Зато продовольственный и аптечный склады гораздо богаче, чем для простых людей, да что там «гораздо» — вообще никакого сравнения нет! Такого изобилия он никогда не видел, даже во сне, хотя, как известно, то, о чем не знаешь, во сне и не приснится.

Бутыли со спиртом стояли в дальнем углу небожительского склада, сразу за глухими металлическими шкафами с надписью «Неоперативная регенера­ция/Стимулирующие препараты». Будто кто-то наде­ялся, что их там не найдут. На этикетках невыразитель­ным жирным шрифтом выбито: «Раствор медицинский антисептический 95%». Скучнее не придумаешь. Это тоже выглядело как чья-то уловка, еще более наивная, чем упрятать спирт за шкафы. Бутылей было много — сто, двести, пятьсот. Может, больше. Стеклянные коло­кола с горлышками, вместимостью 1,75 литра. Башна­баш схватил первую попавшуюся бутыль и только по­том заметил наверху, на следующей полке, небольшие стограммовые пузырьки. Тоже спирт. Решил, что ма­ленькие выглядят даже как-то «цивильнее». Да и пить удобно.

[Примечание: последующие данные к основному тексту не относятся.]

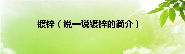 夏弥来为大家解答以下的问题,镀锌,说一说镀锌的简介,现在让我们一起来看看吧!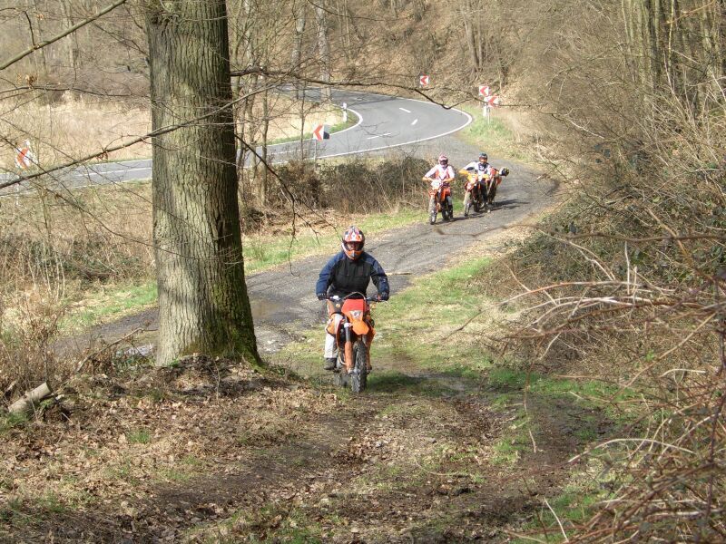 Dann alle nacheinander die Strecke abgefahren, Hans Martin ( Instruktor) mitten auf der abschnitt um wunderschöne Fotos zu machen , Norbert (Chef) oben aufgepasst und Jens (Instruktor) unten um uns mit Ratschlägen, Startzeichen und Hilfe beim Moped hochheben zur Seite zu stehen.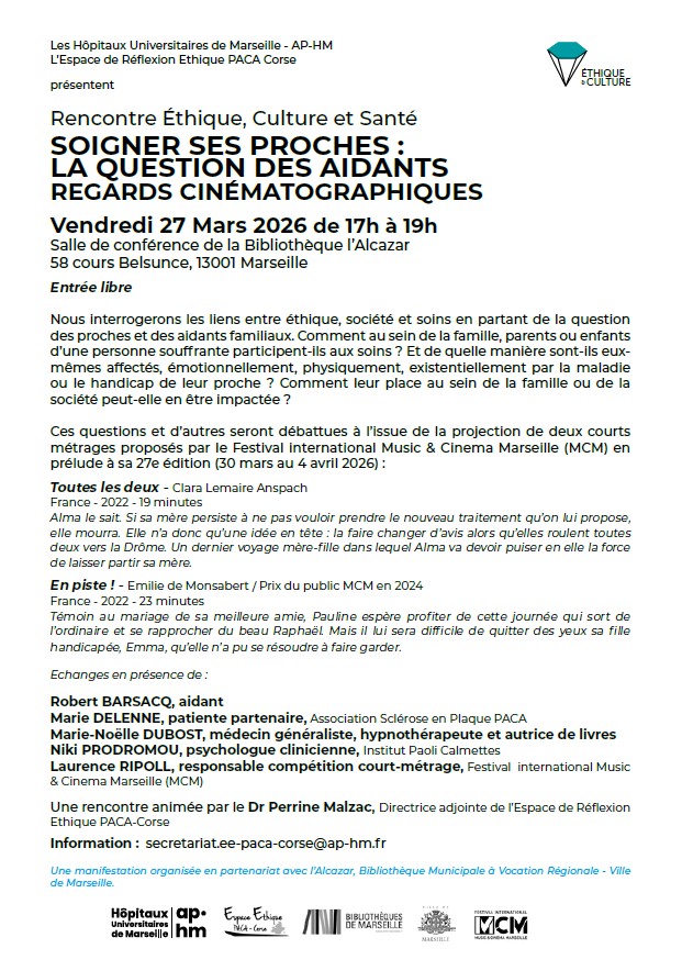 Programme et inscriptions gratuites mais obligatoires : https://fr.ap-hm.fr/agenda/festival-ethique-sante-cinema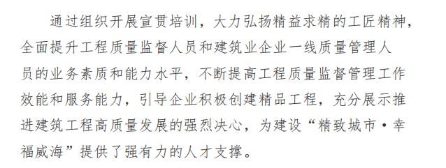 威海市工程質(zhì)量監(jiān)督管理專題培訓會 順 利 召 開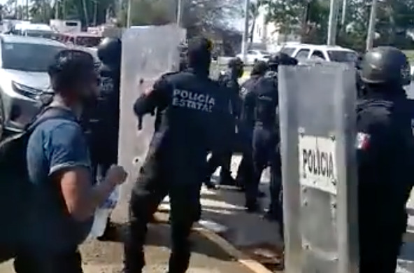 Los policías auxiliares que dependen del estado, se encontraban bloqueando el Boulevard de las Naciones en la exclusiva zona diamante de Acapulco, una de las playas más visitadas de México, cuando sus compañeros antimotines del Gobierno estatal de Guerrero llegaron a desalojarlos a golpes y empujones.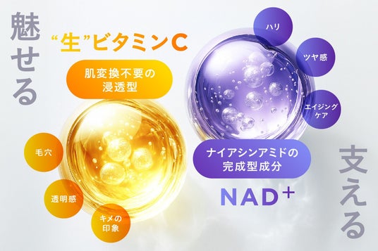 肌の変換過程を必要としない"生"ビタミンC(*1)と、ナイアシンアミドの前駆体 "NAD+(*2)"を組み合わせることで、肌表面だけでなく"肌土台"からのハリ・透明感をサポートします。酸化しやすい"生"ビタミンC(*1)を、毎回フレッシュな状態で肌に届けるため、1回分ずつ密封した個包装仕様を採用しています。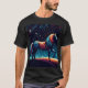 En slående T-shirt-design med en majestätisk häst i rörelse, dess mane flyter på ett skonsamt sätt i vinden. Bilderna fångar hästens kraft och elegans, mot en dynamisk bakgrund av pulserande färg eller subtila ärtliga toner. Perfekt för ridentusiaster, älskare eller någon som drar sig till den anda av frihet och styrka som en häst representerar.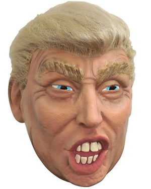 Transform into the billionaire Republican candidate and cause controversy wherever you go in this Trump Mask with Hair. This high quality latex mask features his famous swept blonde hair, open mouth and slits on the eyes for your vision.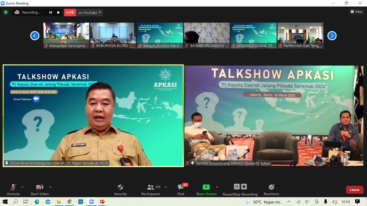 Jakarta – Asosiasi Pemerintah Kabupaten Seluruh Indonesia (Apkasi) menggelar talkshow daring bertema “Pj. Kepala Daerah Jelang Pilkada Serentak 2024”, Senin (14/3/2022). Talkshow ini dilaksanakan dalam rangka menyambut pemilihan kepala daerah tahun 2024.

Постепенно он обживался заново, налаживал быт и службу Своды «Старой Ветки» оглашало веселое тарах­тенье новенького дизель-генератора. Башнабаш с дело­витым видом обошел его кругом, проверил масло, по­трогал крепления хомутов, подержал руку на мелко подрагивающем кожухе. Генератор он нашел на общем инструментальном складе, там их два — основной и ре­зервный. На то, чтобы перетащить эту махину на место, подсоединить все хомуты и провода, заправить, запус­тить — ушло больше десяти часов. Содрал ногти, потя­нул спину, едва не раздробил ступню. Зато теперь у не­го есть свет и свежий воздух. А что еще нужно для жиз­ни? Правильно: вода. И пища. Тогда — добро пожало­вать на небожительский продовольственный склад!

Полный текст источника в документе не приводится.